* WORK TASK:
Return every line of the records, exact and in full, until you have returned the line with "扇子本体や箱に茶色いシミが部", and include none of the pictures.

Collected data
+--

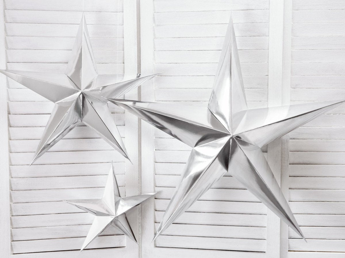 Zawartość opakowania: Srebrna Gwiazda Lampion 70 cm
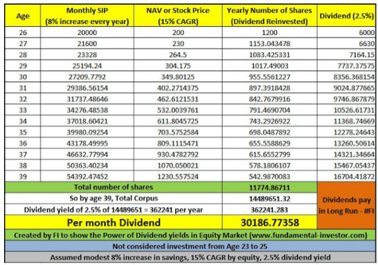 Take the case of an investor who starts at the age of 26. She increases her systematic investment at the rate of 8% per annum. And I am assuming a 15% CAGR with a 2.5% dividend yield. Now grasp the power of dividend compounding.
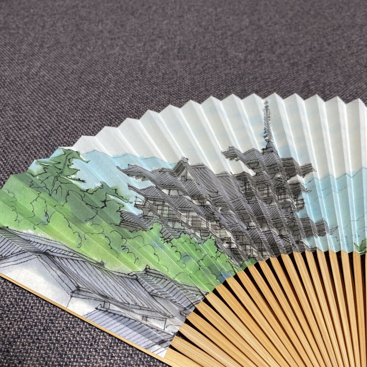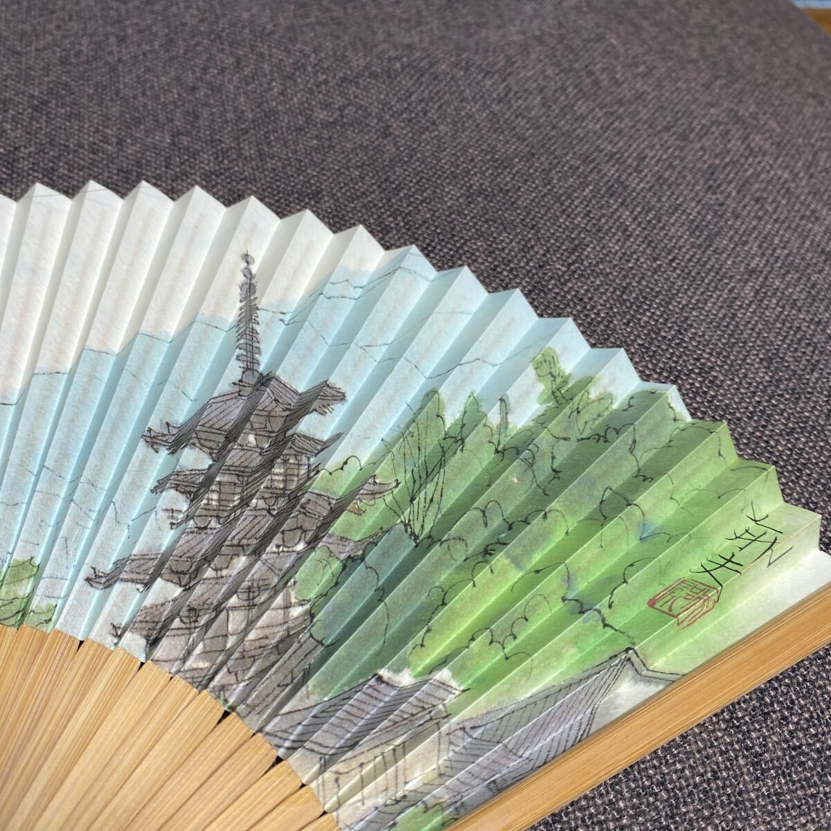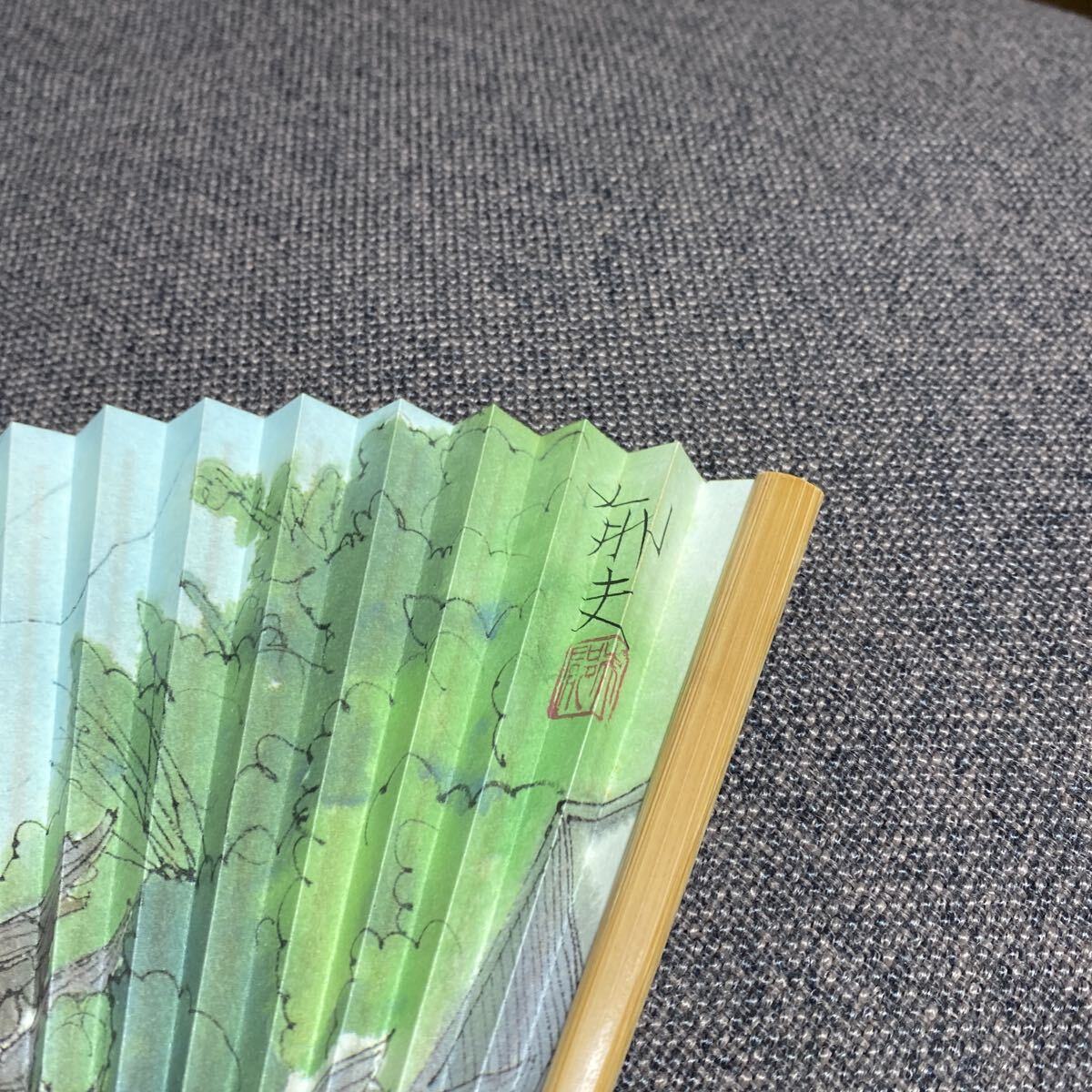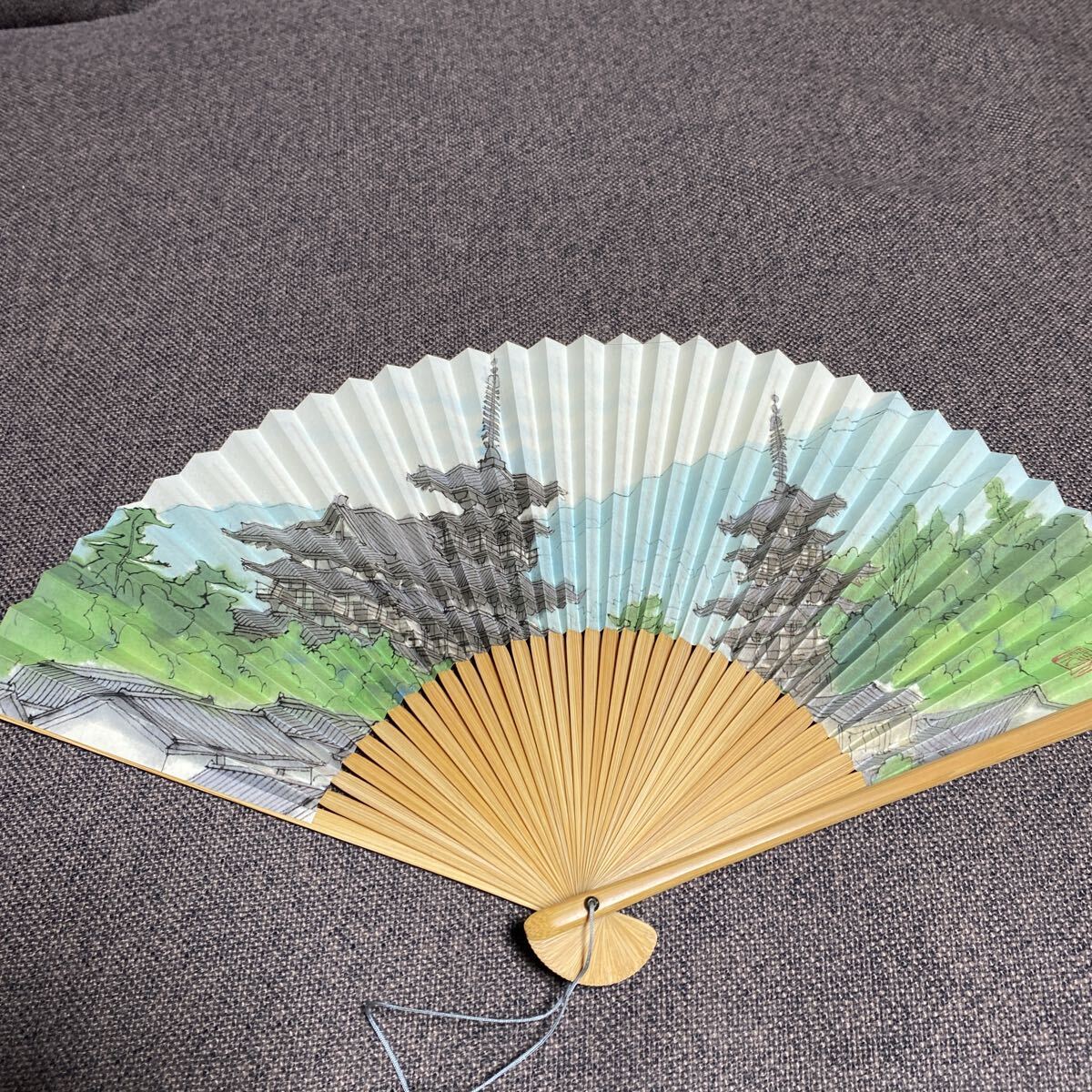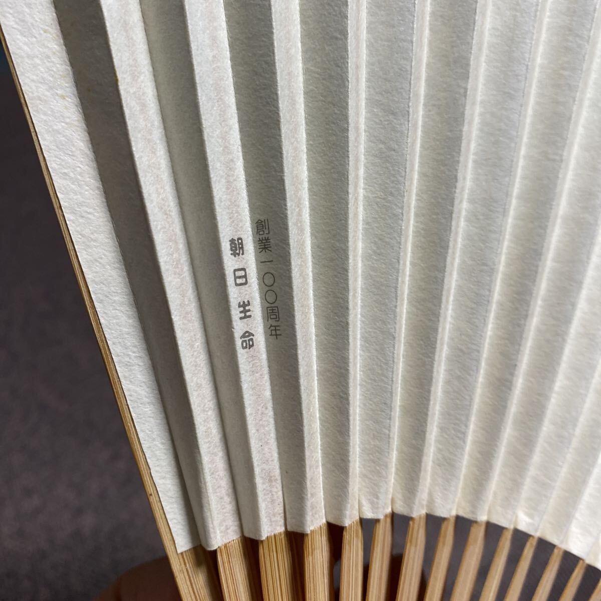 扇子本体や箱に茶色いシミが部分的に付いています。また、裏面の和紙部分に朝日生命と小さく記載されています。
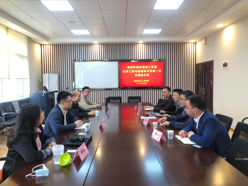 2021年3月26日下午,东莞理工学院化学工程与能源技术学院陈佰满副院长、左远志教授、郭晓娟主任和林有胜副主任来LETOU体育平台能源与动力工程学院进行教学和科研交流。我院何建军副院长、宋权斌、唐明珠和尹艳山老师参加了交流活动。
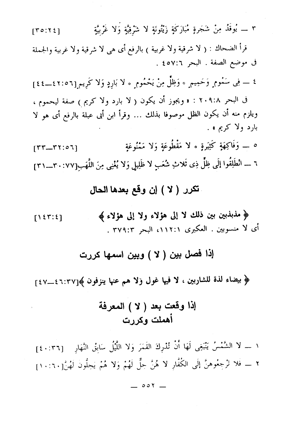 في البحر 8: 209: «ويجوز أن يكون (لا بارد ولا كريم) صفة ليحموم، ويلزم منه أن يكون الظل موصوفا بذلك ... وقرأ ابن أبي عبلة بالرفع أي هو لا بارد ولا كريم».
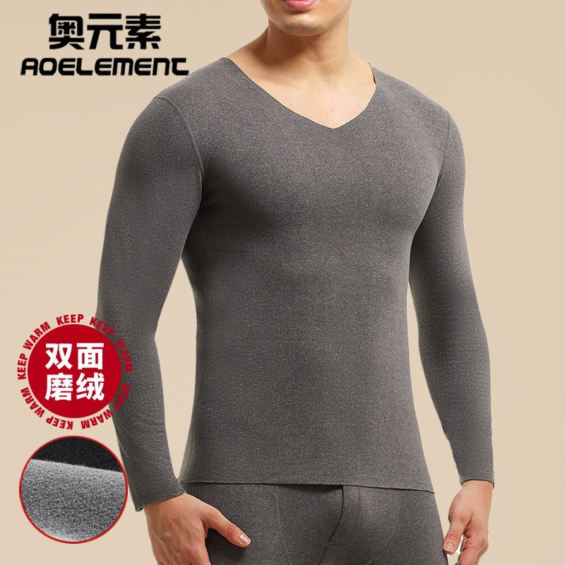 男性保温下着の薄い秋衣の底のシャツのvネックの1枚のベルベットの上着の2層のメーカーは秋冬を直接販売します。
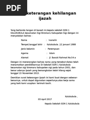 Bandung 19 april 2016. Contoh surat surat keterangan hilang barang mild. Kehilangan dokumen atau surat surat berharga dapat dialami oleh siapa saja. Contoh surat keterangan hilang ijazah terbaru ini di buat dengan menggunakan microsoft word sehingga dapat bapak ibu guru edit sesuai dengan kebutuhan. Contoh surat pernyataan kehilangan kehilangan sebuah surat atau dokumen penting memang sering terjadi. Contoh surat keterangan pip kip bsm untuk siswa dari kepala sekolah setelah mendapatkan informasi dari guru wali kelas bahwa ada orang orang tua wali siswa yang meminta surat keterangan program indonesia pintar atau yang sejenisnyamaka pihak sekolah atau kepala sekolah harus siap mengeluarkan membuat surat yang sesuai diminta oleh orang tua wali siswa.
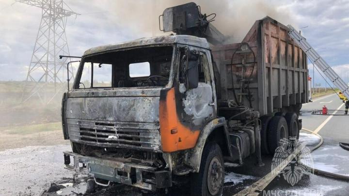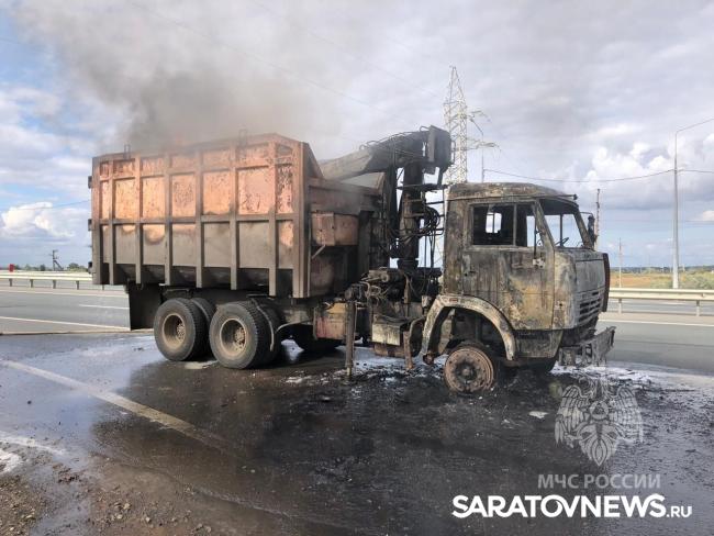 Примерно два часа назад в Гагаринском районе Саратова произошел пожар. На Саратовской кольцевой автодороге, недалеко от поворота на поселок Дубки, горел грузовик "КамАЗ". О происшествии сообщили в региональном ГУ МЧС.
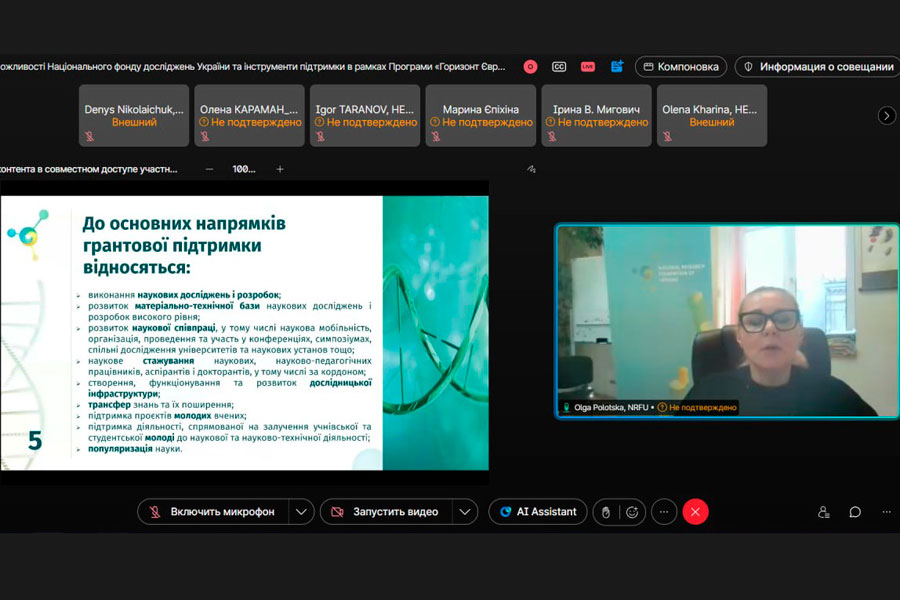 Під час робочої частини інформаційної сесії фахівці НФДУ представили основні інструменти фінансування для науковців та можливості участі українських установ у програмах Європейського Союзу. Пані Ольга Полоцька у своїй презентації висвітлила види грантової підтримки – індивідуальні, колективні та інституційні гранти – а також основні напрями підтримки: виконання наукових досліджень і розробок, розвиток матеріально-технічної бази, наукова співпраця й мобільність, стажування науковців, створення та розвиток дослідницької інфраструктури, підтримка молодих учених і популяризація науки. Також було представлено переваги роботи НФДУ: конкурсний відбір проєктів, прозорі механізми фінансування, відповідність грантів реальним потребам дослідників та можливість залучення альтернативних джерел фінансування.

+--

* SOLUTION FOR THIS TASK:
 Zawartość opakowania: Srebrna Gwiazda Lampion 70 cm
 Take the case of an investor who starts at the age of 26. She increases her systematic investment at the rate of 8% per annum. And I am assuming a 15% CAGR with a 2.5% dividend yield. Now grasp the power of dividend compounding.
 扇子本体や箱に茶色いシミが部分的に付いています。また、裏面の和紙部分に朝日生命と小さく記載されています。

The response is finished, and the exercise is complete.